Prompt: Go through each line of the entries below and tally those containing the string "items"; give only the total.

[Opening Given records section]

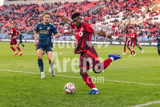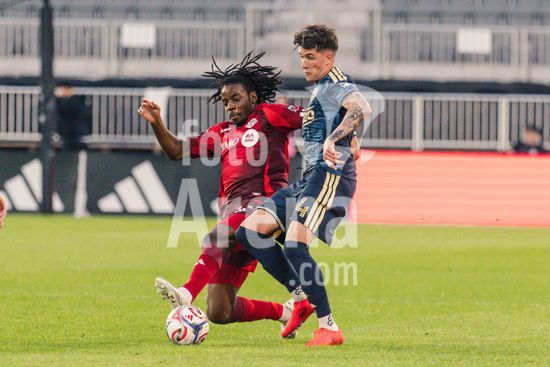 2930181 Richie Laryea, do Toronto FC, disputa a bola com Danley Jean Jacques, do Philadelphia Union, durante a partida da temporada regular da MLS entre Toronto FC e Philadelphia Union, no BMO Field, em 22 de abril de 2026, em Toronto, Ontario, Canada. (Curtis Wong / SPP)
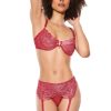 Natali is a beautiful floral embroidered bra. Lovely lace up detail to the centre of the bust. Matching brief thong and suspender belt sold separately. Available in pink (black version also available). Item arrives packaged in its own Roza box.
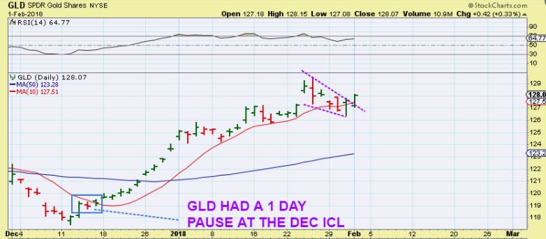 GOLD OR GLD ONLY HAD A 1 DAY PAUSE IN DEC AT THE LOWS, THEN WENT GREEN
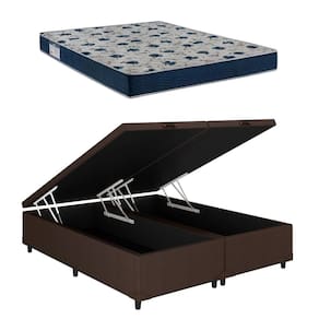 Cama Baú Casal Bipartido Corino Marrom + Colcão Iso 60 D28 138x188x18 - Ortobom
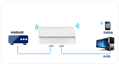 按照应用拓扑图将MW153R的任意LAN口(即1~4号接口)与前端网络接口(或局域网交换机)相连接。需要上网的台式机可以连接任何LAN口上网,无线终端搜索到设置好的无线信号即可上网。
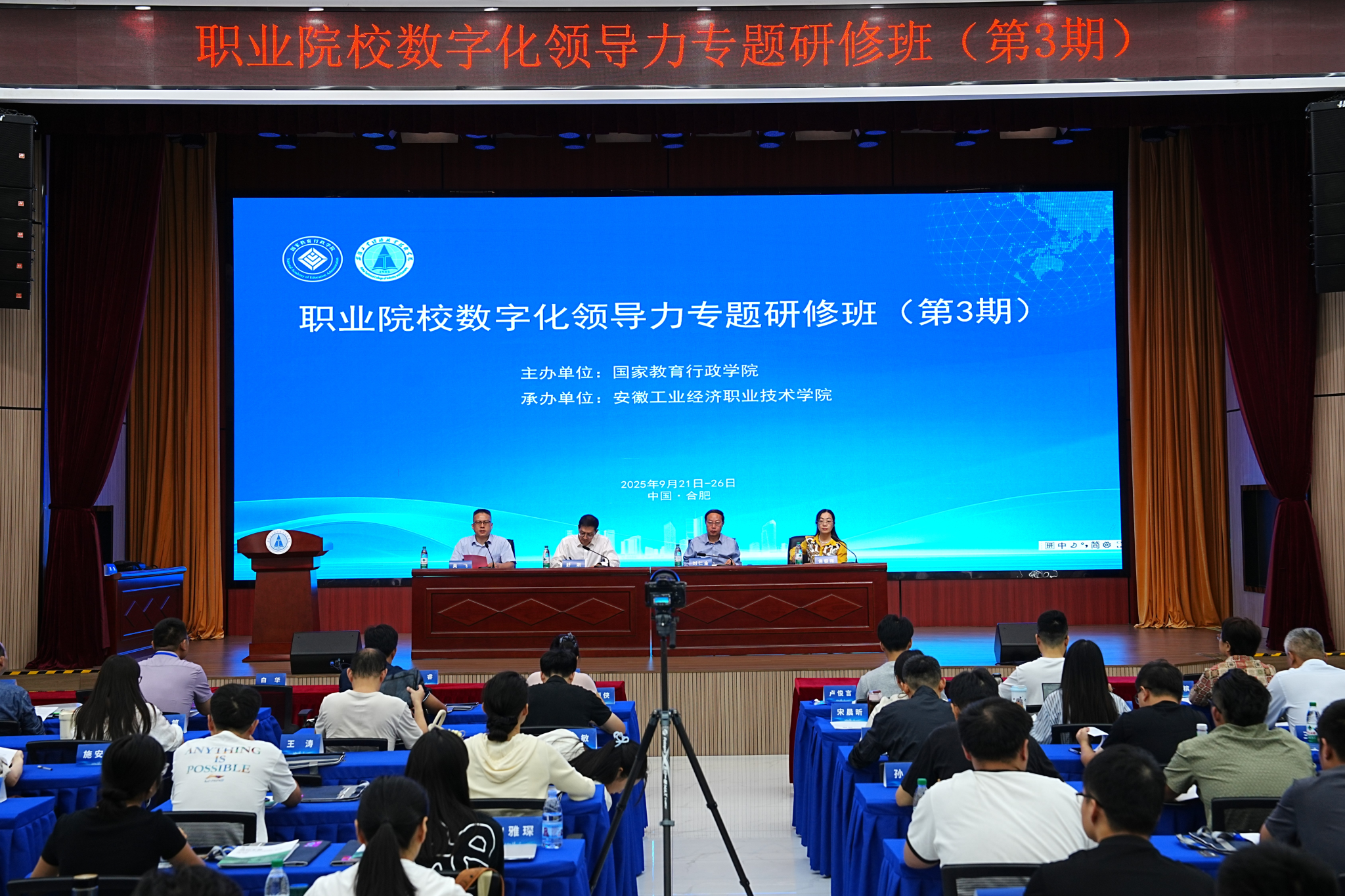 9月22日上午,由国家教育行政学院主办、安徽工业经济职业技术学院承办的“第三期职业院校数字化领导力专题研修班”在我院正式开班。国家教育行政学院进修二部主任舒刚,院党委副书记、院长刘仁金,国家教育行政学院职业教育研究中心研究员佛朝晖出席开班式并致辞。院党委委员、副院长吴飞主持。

[Closing Given records section]
[Opening Given records section]

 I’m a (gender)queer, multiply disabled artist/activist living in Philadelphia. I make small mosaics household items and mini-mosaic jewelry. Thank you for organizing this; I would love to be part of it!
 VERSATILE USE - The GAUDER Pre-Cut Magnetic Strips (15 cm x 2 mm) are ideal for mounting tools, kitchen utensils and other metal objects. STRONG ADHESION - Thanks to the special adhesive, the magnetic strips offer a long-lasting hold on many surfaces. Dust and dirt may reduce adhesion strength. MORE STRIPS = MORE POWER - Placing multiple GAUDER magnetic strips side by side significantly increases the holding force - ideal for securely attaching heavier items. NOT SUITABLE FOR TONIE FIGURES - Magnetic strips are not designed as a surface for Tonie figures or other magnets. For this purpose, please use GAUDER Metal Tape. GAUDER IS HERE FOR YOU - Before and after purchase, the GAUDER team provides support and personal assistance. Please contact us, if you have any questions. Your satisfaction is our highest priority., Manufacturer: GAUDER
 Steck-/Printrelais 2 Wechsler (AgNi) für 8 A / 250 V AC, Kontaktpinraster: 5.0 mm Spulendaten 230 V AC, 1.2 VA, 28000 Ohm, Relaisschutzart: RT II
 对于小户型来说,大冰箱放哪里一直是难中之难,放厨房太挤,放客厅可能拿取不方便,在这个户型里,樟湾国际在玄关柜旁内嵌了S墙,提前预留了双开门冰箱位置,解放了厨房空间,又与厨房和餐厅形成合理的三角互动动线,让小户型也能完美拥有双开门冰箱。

[Closing Given records section]
[Opening Given records section]

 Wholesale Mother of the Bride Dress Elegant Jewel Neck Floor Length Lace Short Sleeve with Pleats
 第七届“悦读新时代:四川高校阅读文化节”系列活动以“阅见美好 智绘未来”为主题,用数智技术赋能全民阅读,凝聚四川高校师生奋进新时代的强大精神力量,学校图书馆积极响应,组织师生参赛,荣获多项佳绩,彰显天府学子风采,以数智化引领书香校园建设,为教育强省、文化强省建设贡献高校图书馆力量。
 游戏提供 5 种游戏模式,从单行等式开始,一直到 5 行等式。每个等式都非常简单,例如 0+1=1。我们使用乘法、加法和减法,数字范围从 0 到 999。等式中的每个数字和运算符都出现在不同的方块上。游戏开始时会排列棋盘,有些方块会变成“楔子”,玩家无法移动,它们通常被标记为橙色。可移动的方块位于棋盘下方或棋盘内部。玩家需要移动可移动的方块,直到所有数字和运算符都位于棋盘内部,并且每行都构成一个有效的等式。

[Closing Given records section]

Output of the exercise: 2